WORK TASK
Omit all pictures and transcribe only the lines in the entries below that run from the line with "肉糜、荷兰豆、鸡蛋、盐、料酒、生抽。" through the line with "Add a stylish".

MATERIALS PROVIDED
══════════
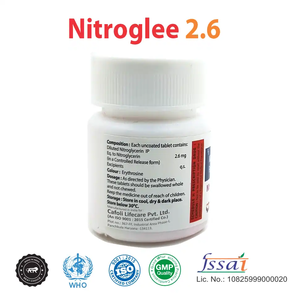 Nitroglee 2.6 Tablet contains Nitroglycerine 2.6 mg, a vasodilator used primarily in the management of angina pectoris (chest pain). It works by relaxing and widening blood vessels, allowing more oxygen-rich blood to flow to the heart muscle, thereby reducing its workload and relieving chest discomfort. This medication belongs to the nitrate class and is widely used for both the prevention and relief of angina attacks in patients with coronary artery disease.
══════════
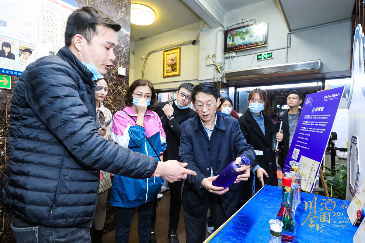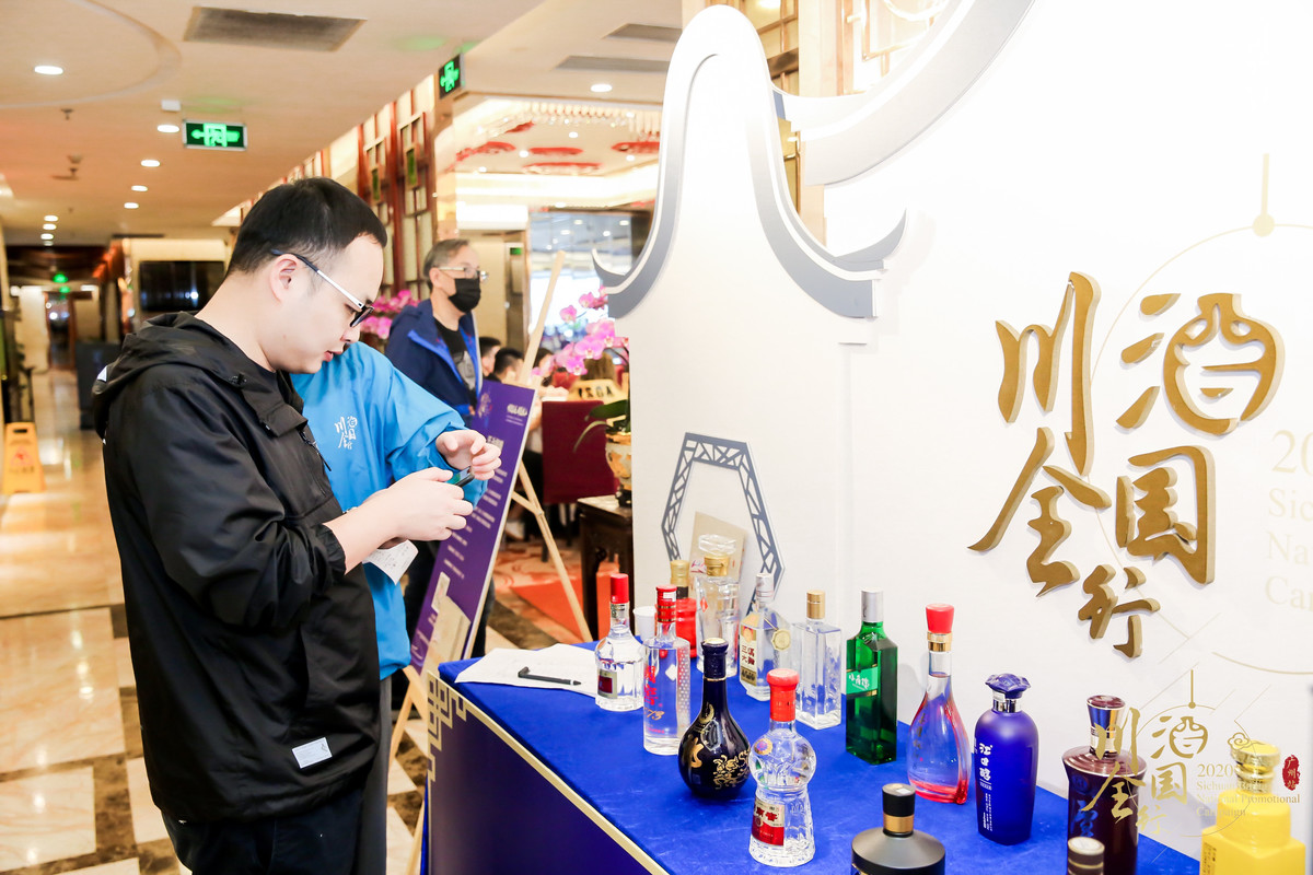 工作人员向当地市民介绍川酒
══════════
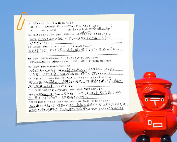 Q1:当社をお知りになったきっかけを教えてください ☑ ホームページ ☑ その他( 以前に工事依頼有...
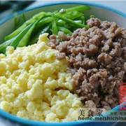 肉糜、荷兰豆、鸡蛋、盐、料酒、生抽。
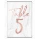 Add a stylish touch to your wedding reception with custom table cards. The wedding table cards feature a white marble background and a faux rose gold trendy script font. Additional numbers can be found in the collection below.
══════════
ANSWER BOX
 肉糜、荷兰豆、鸡蛋、盐、料酒、生抽。
 Add a stylish touch to your wedding reception with custom table cards. The wedding table cards feature a white marble background and a faux rose gold trendy script font. Additional numbers can be found in the collection below.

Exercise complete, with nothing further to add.